CAF will be formed by members elected by its founding entities (BVMF, AMEC, ANBIMA and IBGC) and part of the members shall be independent. When called upon, CAF´s mission will be to opine and decide upon complaints regarding any public tender offer for the acquisition of shares (OPA), and regarding every type of takeover (incorporação), stock takeover (incorporação de ações), merger (fusão) and spin-off with takeover (cisão com incorporação)  involving publicly-held corporations.

It is important to note that the Code will not substitute the legal and regulatory provisions applicable to m&a transactions that are within its ambit. CAF shall also not substitute the role of the Brazilian Securities and Exchange Commission (Comissão de Valores Mobiliários – CVM) regarding such transactions. The transactions submitted to CAF shall already be presumed legitimate by CVM.

Companies may adhere to CAF in two different manners. First, the company can include a provision in its bylaws (estatuto social) accepting to submit to CAF each and every of its public tender offers and corporate restructuring transactions. Second, if involved in a certain m&a transaction, the company can opt to take such specific transaction before CAF on an individual basis.

When applying the Code, CAF shall privilege the principles rather than the rules themselves. Therefore, if and when faced with a concrete case, CAF may open an exception as regards the application of a specific rule if CAF understands that the principle can be observed through a less onerous means, such as determining the adoption of other measures not expressly foreseen in the Code.

There are two main rules which are at the front of the applicable legislation currently in force and shall apply to the transactions reviewed by CAF.

The first rule is that a public offer is mandatory whenever a significant stake is achieved, in order to assure that an investor or group of investors that obtains a significant equity participation in the company (which may vary between 20% to 30% of the capital, according to the criteria contemplated in the company´s bylaws) makes a buy offer to all the shareholders.

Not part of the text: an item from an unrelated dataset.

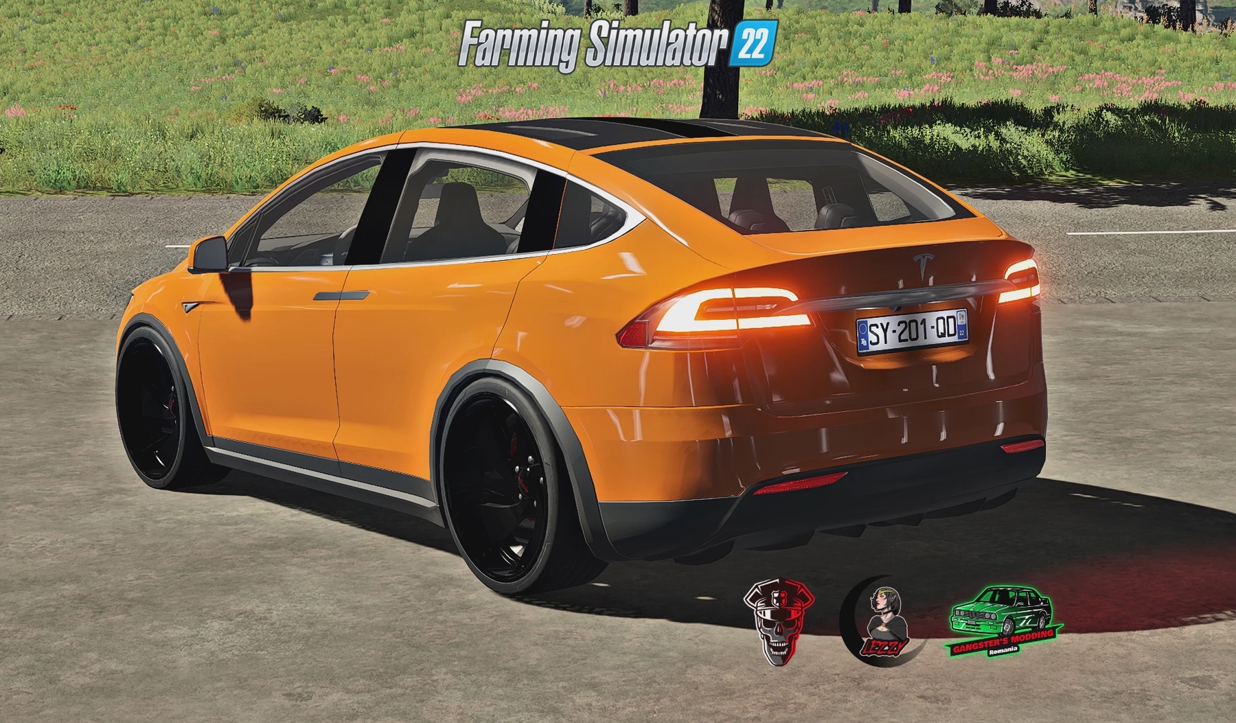 Mod Tesla Model X v1.0.0.0 for Farming Simulator 2022 -Price: 79.500 $ - Speed: 250 km/h - Power : 328 hp -Selectable colors - Trailer hitch

The second rule is the right of minority shareholders to a counter-report in corporate restructuring transactions involving related parties.

Furthermore, the rules do not permit the existence of different terms of exchange between shares of the same type and class in corporate restructure transactions, unless: (i) the holders of the less favored share type or class approve the adoption of differentiated terms of exchange; or (ii) CAF waives this rule in a case where the difference is based on the market price for equities.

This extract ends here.